He stepped over to the other couch and pulled another of the ubiquitous hooded rain ponchos from beneath it. “Still, we don’t wish to make it too easy for them,” he said. Handing it to me, he bent down again and busied himself with something else beneath the couch.
The poncho was a shade on the small side, and I had to work a little to get it over my head. By the time I finished settling it into place and could see again, I discovered that Fayr had pulled out a new gun.
Not one of his usual shoulder-holstered handguns this time, but a Rontra 772 submachine gun, a large military snub-nosed multiple repeater with double-clip magazine, midline cooling chamber, integrated underslung grenade launcher, and a sensor-click sighting capability that could pinpoint a target at two thousand meters. The thing looked about the size of the cannon Gargantua had been talking about earlier, and could probably make nearly as much of a mess of anyone who happened to be standing in its way. “Still not wanting to make it too easy for them?” I asked.

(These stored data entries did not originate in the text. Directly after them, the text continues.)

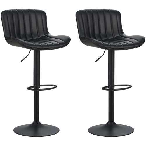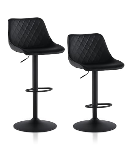 Brigros We Home Set med 2 justerbara höga barstolar i konstläder, 360° roterbar kökspall, pall med ryggstöd och fotstöd, pall med svart metallbas (svart)
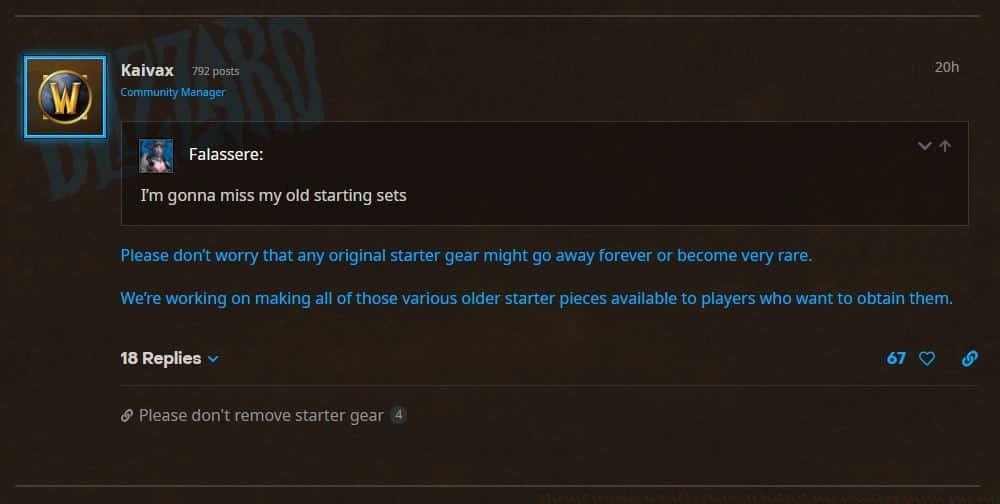Blizzard addresses World of Warcraft community backlash over starter gear changes with preservation plans and player-focused solutions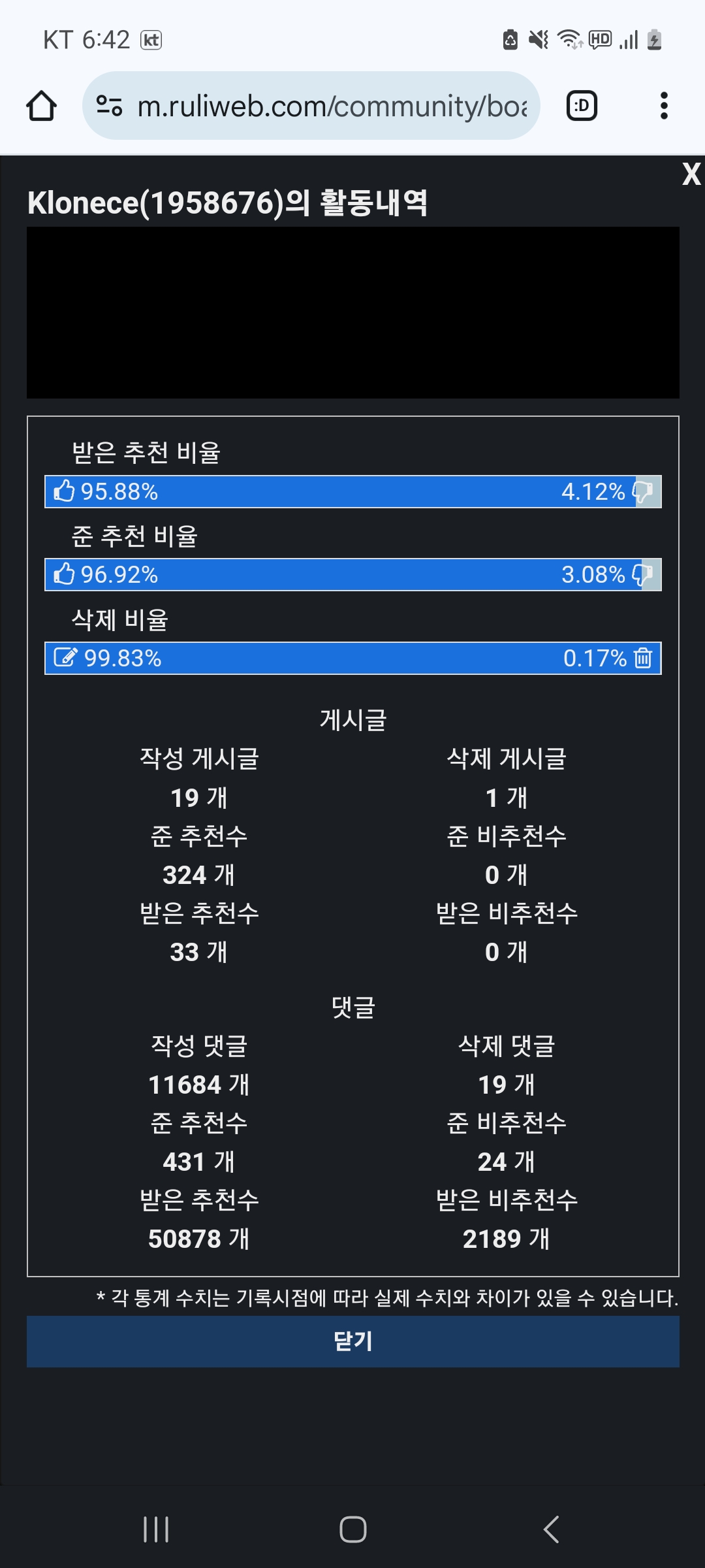 그래서 원래 받은 추비추 비율 90퍼 이상 본인 삭제비율 50퍼이상 정도로 기준잡고 분탕이냐 아니냐 판단했었는데 그 사건 다음부턴 본인 삭제비율은 기준에서 뺌 | 25.02.17 06:38 | | |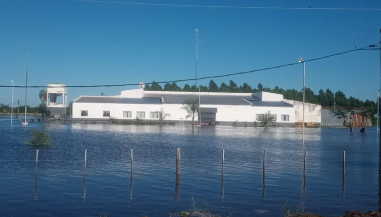 La Escuela de la Familia Agrícola Peju Pora quedó totalmente inundada tras ceder sus defensas producto de las abundantes lluvias de los últimos días.
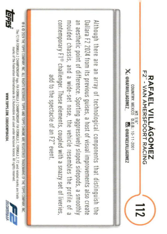 2024 Topps Chrome Formula 1 #112 Rafael Villagomez NM-MT F2 - Van Amersfoort Racing Racing Card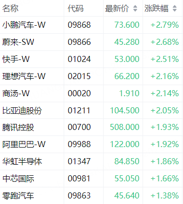 科指成分股中,小鵬汽車-W漲2.79%,蔚來-SW漲2.68%,快手-W漲2.51%,理想汽車-W漲2.16%,商湯-W漲2.14%。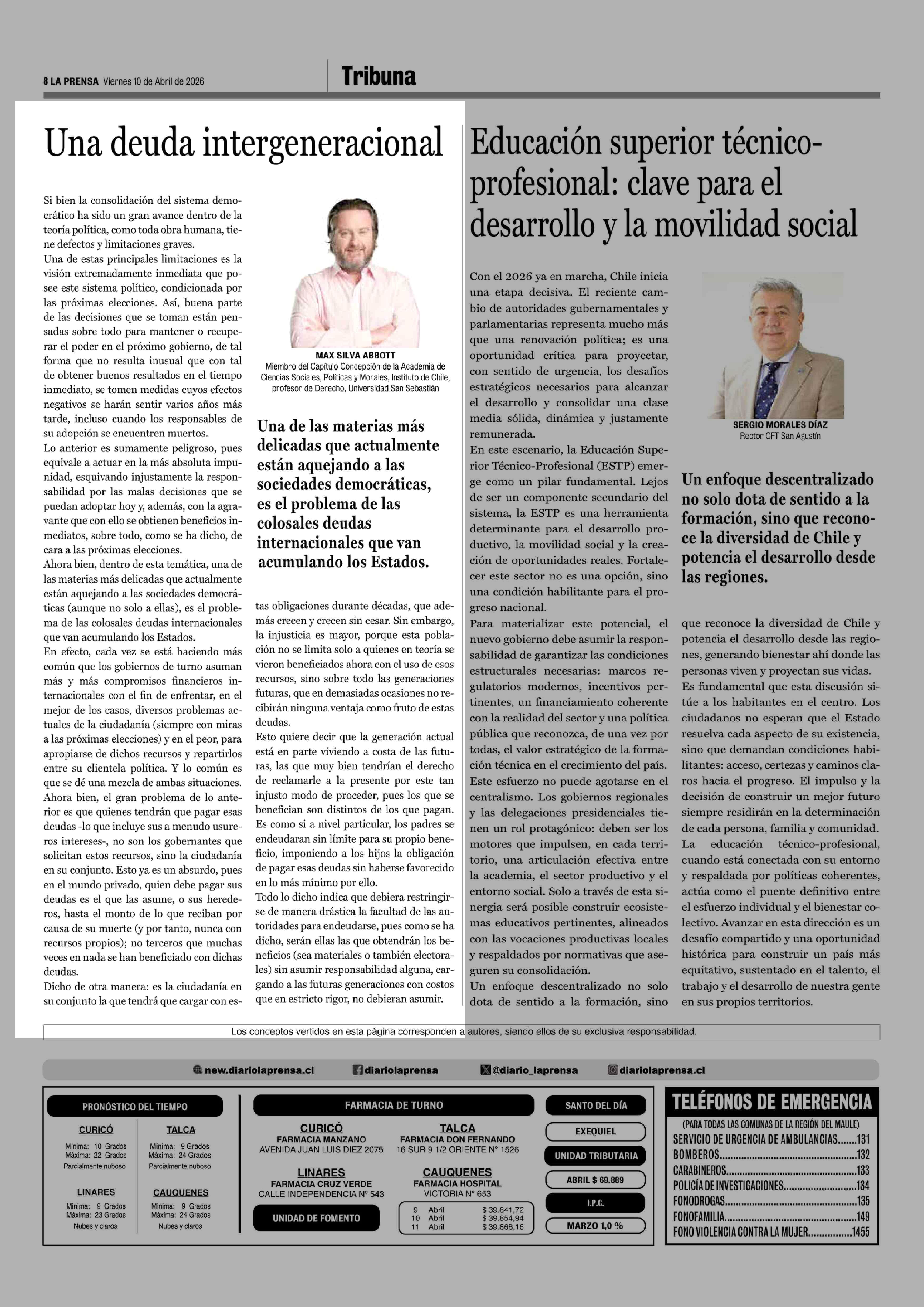 Columnas de Opinión: Una deuda intergeneracional 10-04-2026 La Prensa de Curicó |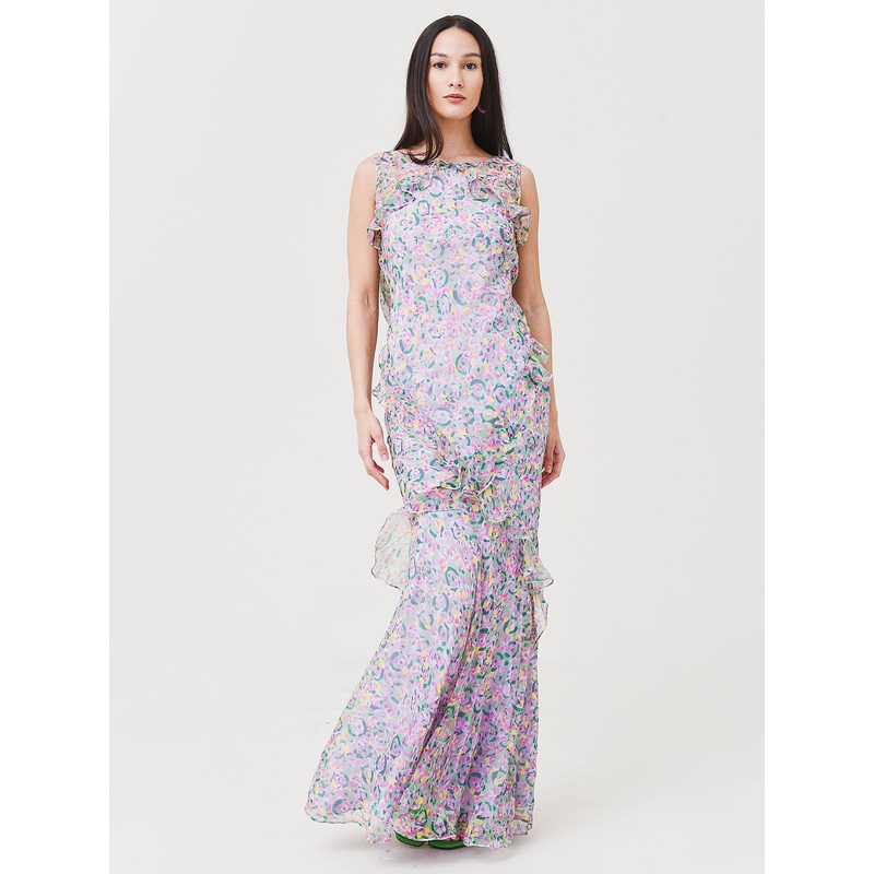 DESCRIPTION:Max length dress with lightweight cascading frill details.FEATURES:Maxi DressRound NecklineGentle Flounce At ShouldersSymmetrical Cascading Frill DetailsFitted WaistConcealed Zip Centre Back FasteningOuter: 100%Silk Lining: 100% Polyester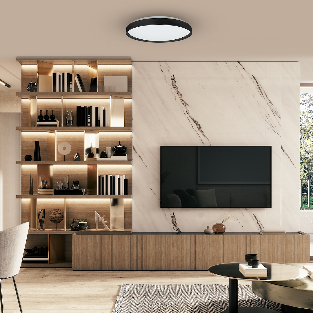 Această plafonieră unică, cu diametrul de 390 mm, combină designul modern cu magia culorii. RINGO RGB oferă o gamă completă de culori RGBW, ceea ce înseamnă că poți personaliza iluminatul în funcție de starea ta de spirit și nevoile tale. Toate acestea sunt controlate de o telecomandă, ceea ce face ca schimbarea culorilor să fie simplă și plăcută.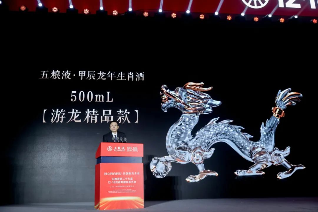 活動現場,五糧液還隆重舉行了“五糧液·甲辰龍年生肖酒”發布盛典。以生肖文化為靈感設計的限量版佳釀——五糧液·甲辰龍年生肖酒隆重亮相。中國白酒大師、五糧液股份公司技術總顧問趙東在現場從賞龍之韻、品龍之醇、鑄龍之魂、藏龍之曜四個篇章,對產品深厚的文化內涵、極致工藝、匠心品質,尊享價值進行了深度介紹。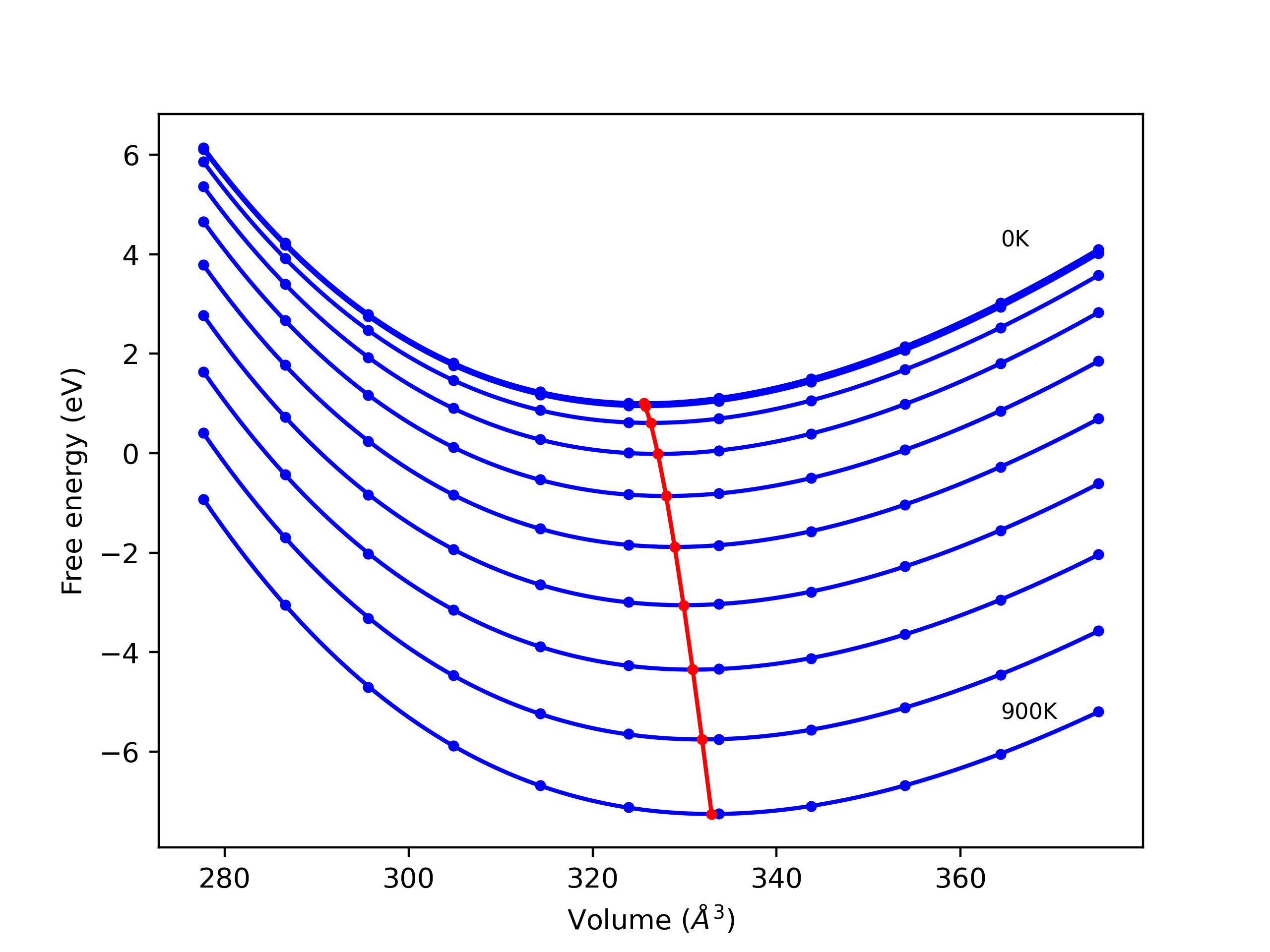 Phonon band structures and crystal properties estimated from quasi-harmonic approximation (QHA) calculations are displayed for select crystals. The calculations were performed using phonopy and LAMMPS. For the phonon calculations, 3x3 supercells of the potential-specific relaxed crystals were used. The QHA calculations were based on 11 strain states ranging from -0.05 to 0.05.

“Exactly,” Fayr said. Hiking up his poncho, he slung the Rontra’s strap over his right shoulder, letting the weapon hang down alongside the holster there. He hesitated a moment, then drew the handgun from that holster and handed it to me. “Lest it be in my way,” he added.
“Thanks,” I said, checking the safety. “Killrounds?”
His nose twitched a bit. “Clip two has snoozers.”
I found the selector and switched it over. Fayr may have worked out the difference between Modhran walkers and soldiers, but I wasn’t nearly so ready to make that kind of delicate distinction.
Besides, I didn’t need anything else for Bayta to be mad at me about.
I stuck the gun into my belt. Fayr and I both resettled our ponchos—his was barely long enough to conceal the Rontra’s muzzle—and then I turned to Bayta.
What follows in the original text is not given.